**EXERCISE DIRECTIONS:**
Below are the entries to work from; restate word for word the portion that opens with the line containing "Hình ảnh 9: Quy" and closes with the line containing "Портрет грустной черной", keeping both.

**RECORDS SUPPLIED:**
"""

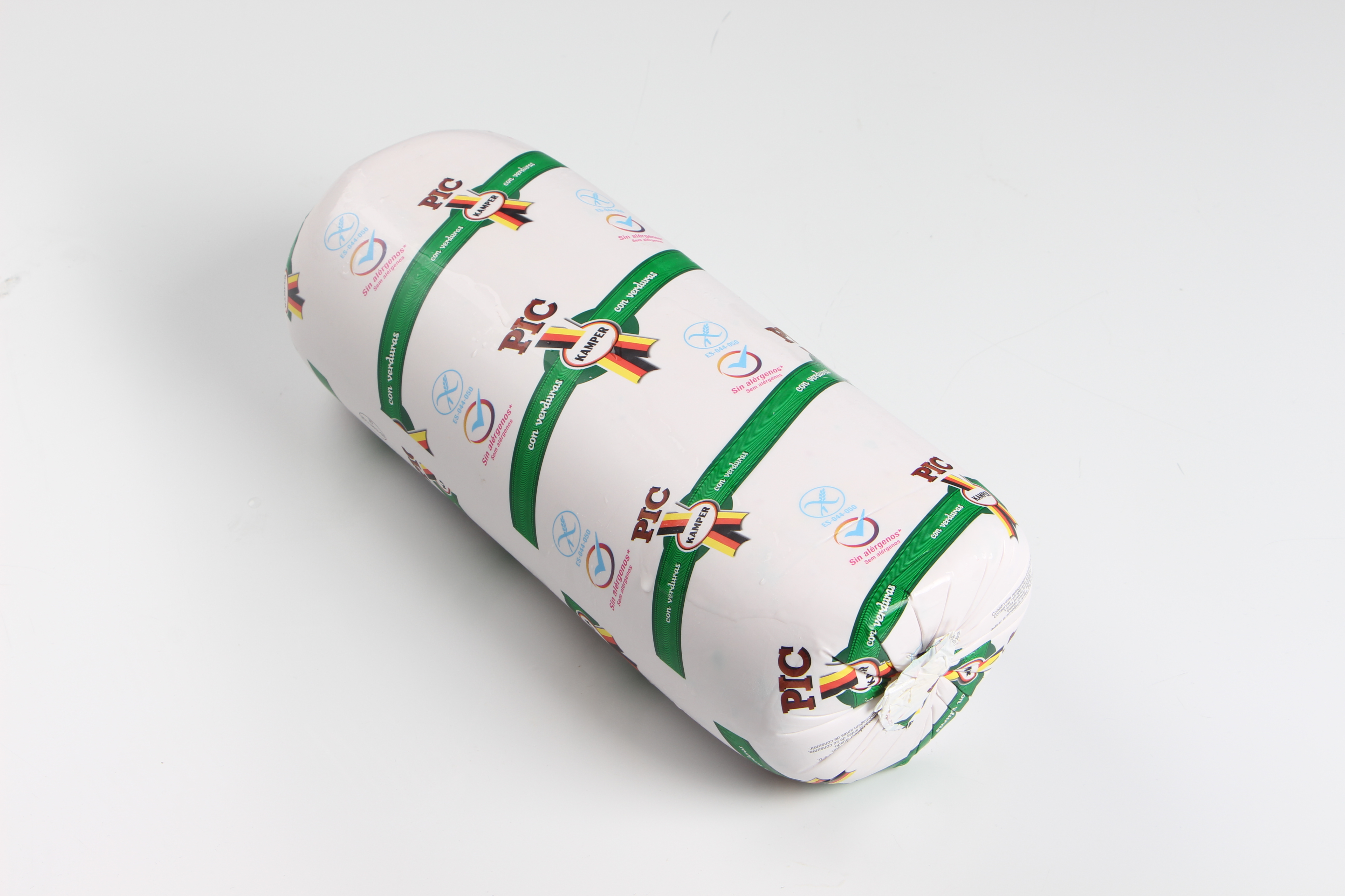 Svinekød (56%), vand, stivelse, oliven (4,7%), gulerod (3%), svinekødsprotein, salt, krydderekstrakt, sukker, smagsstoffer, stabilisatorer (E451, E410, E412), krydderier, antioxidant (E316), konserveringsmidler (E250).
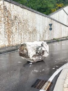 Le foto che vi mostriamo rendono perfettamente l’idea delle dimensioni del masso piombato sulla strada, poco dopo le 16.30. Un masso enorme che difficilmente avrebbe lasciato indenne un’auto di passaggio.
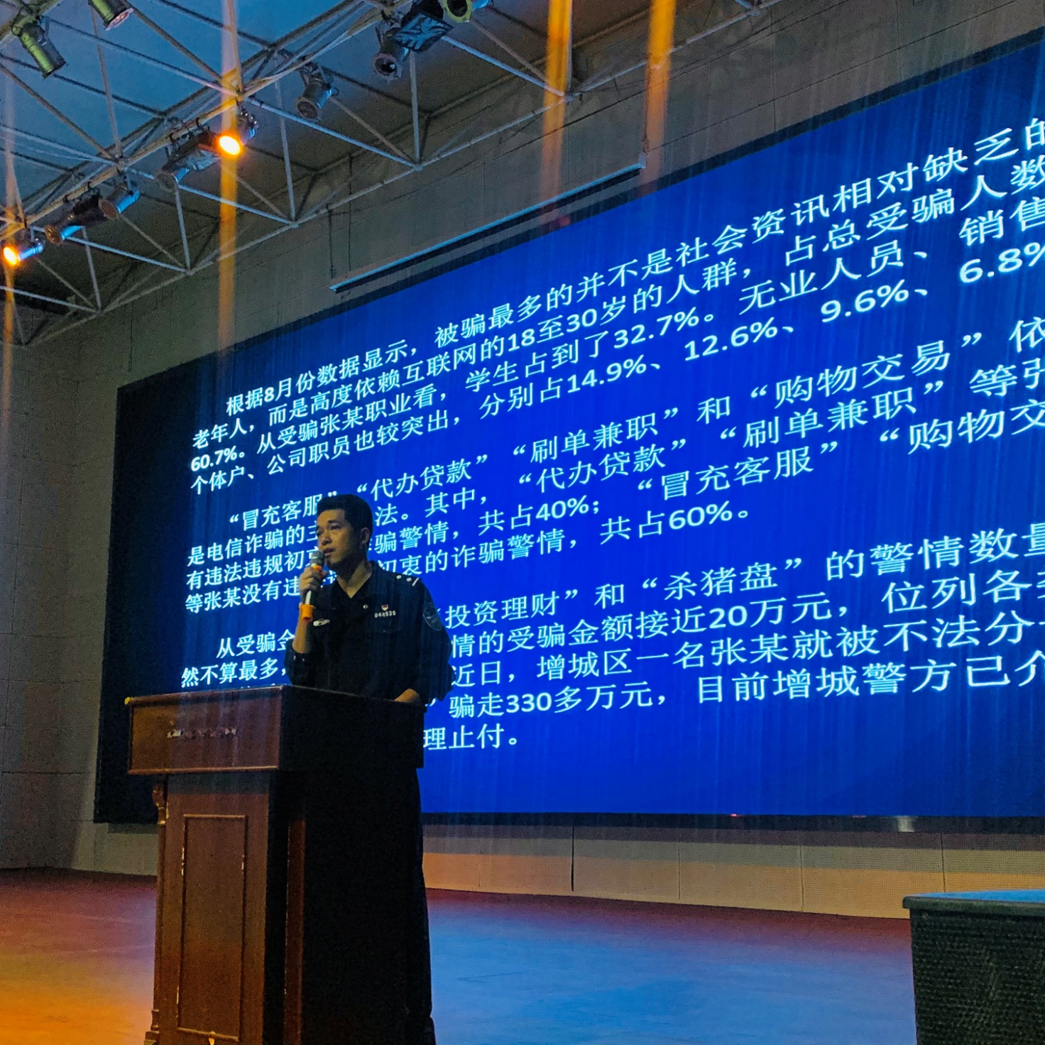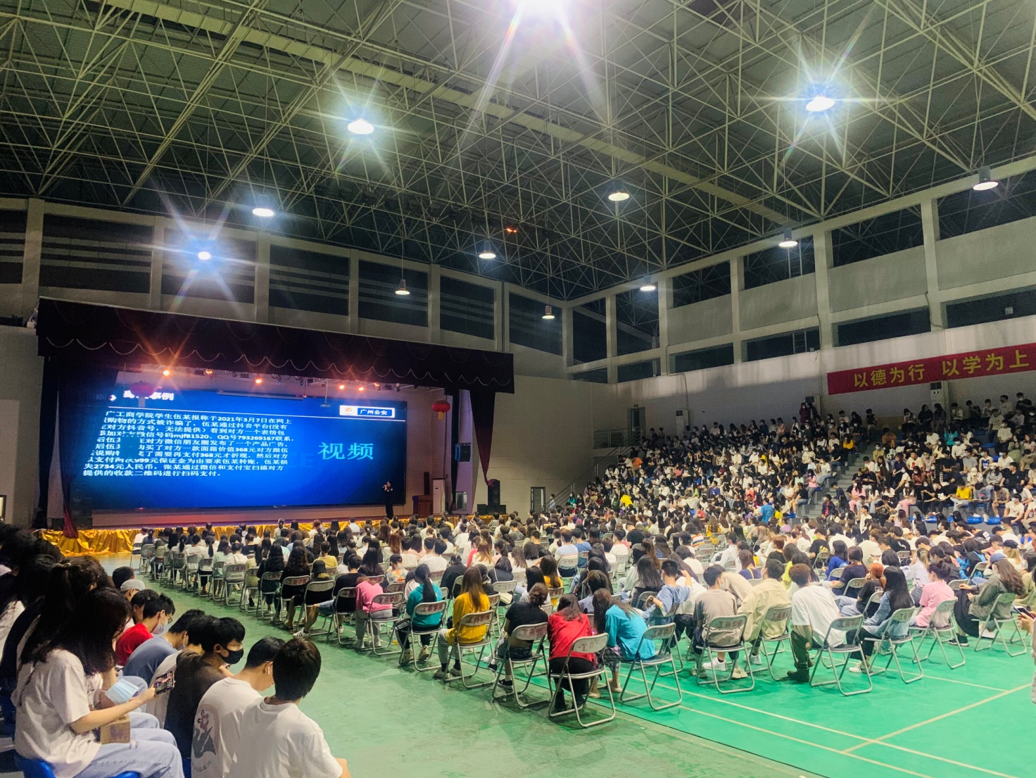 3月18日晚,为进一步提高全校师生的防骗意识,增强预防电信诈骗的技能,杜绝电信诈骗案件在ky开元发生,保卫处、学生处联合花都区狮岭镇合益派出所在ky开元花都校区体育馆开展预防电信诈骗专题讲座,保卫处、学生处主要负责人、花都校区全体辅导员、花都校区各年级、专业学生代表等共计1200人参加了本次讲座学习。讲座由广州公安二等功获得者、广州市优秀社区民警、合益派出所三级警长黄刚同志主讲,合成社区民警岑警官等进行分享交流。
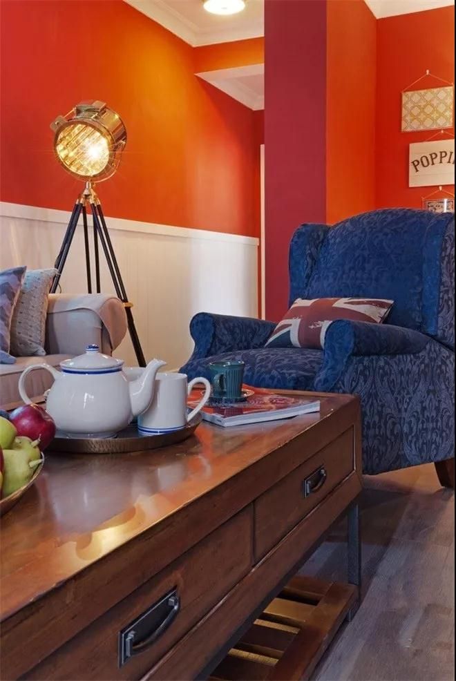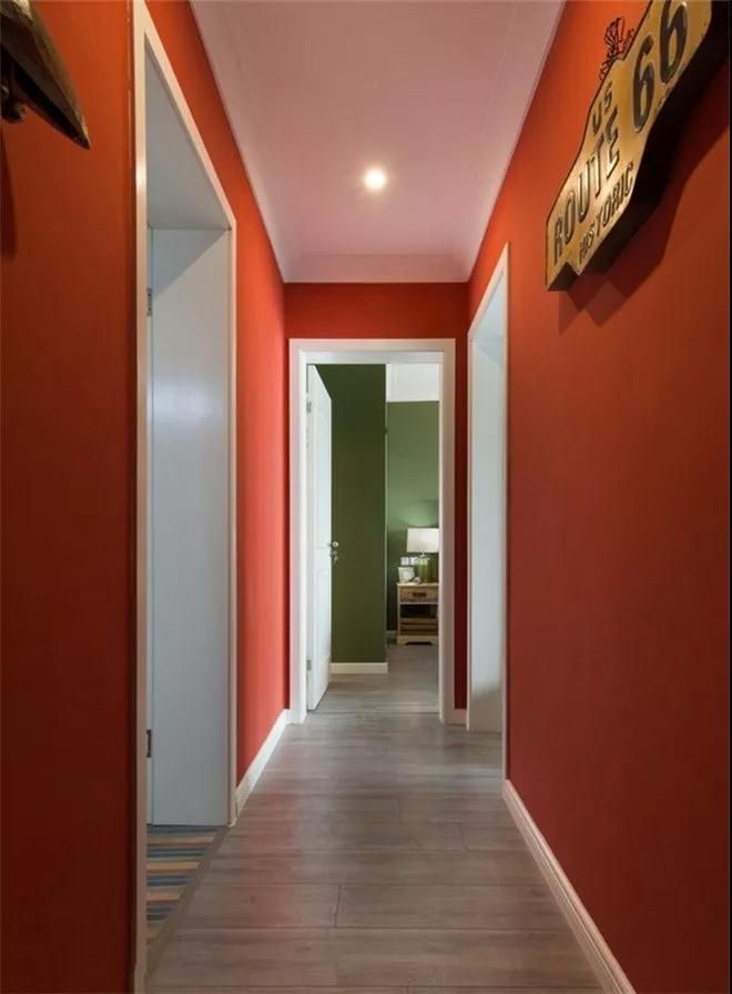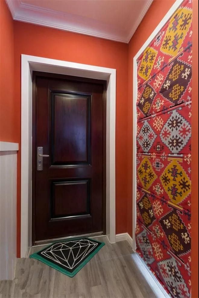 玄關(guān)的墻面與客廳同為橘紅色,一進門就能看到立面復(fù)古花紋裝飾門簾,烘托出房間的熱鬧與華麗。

"""
"""

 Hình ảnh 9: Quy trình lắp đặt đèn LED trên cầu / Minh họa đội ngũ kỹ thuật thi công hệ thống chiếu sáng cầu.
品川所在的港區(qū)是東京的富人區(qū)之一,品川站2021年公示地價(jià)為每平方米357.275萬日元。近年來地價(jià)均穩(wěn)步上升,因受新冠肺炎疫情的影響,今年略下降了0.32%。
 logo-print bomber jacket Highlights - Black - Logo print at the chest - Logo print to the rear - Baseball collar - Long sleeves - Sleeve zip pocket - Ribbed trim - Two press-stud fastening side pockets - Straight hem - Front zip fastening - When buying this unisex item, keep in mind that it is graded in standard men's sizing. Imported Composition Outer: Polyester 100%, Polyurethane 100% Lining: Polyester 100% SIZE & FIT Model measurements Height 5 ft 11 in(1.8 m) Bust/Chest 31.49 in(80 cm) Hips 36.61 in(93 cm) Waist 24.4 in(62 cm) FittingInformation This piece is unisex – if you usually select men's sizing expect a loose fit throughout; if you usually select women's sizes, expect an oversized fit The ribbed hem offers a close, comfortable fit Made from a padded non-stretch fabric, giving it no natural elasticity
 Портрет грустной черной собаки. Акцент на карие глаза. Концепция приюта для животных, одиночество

"""

**WORKED SOLUTION:**
 Hình ảnh 9: Quy trình lắp đặt đèn LED trên cầu / Minh họa đội ngũ kỹ thuật thi công hệ thống chiếu sáng cầu.
品川所在的港區(qū)是東京的富人區(qū)之一,品川站2021年公示地價(jià)為每平方米357.275萬日元。近年來地價(jià)均穩(wěn)步上升,因受新冠肺炎疫情的影響,今年略下降了0.32%。
 logo-print bomber jacket Highlights - Black - Logo print at the chest - Logo print to the rear - Baseball collar - Long sleeves - Sleeve zip pocket - Ribbed trim - Two press-stud fastening side pockets - Straight hem - Front zip fastening - When buying this unisex item, keep in mind that it is graded in standard men's sizing. Imported Composition Outer: Polyester 100%, Polyurethane 100% Lining: Polyester 100% SIZE & FIT Model measurements Height 5 ft 11 in(1.8 m) Bust/Chest 31.49 in(80 cm) Hips 36.61 in(93 cm) Waist 24.4 in(62 cm) FittingInformation This piece is unisex – if you usually select men's sizing expect a loose fit throughout; if you usually select women's sizes, expect an oversized fit The ribbed hem offers a close, comfortable fit Made from a padded non-stretch fabric, giving it no natural elasticity
 Портрет грустной черной собаки. Акцент на карие глаза. Концепция приюта для животных, одиночество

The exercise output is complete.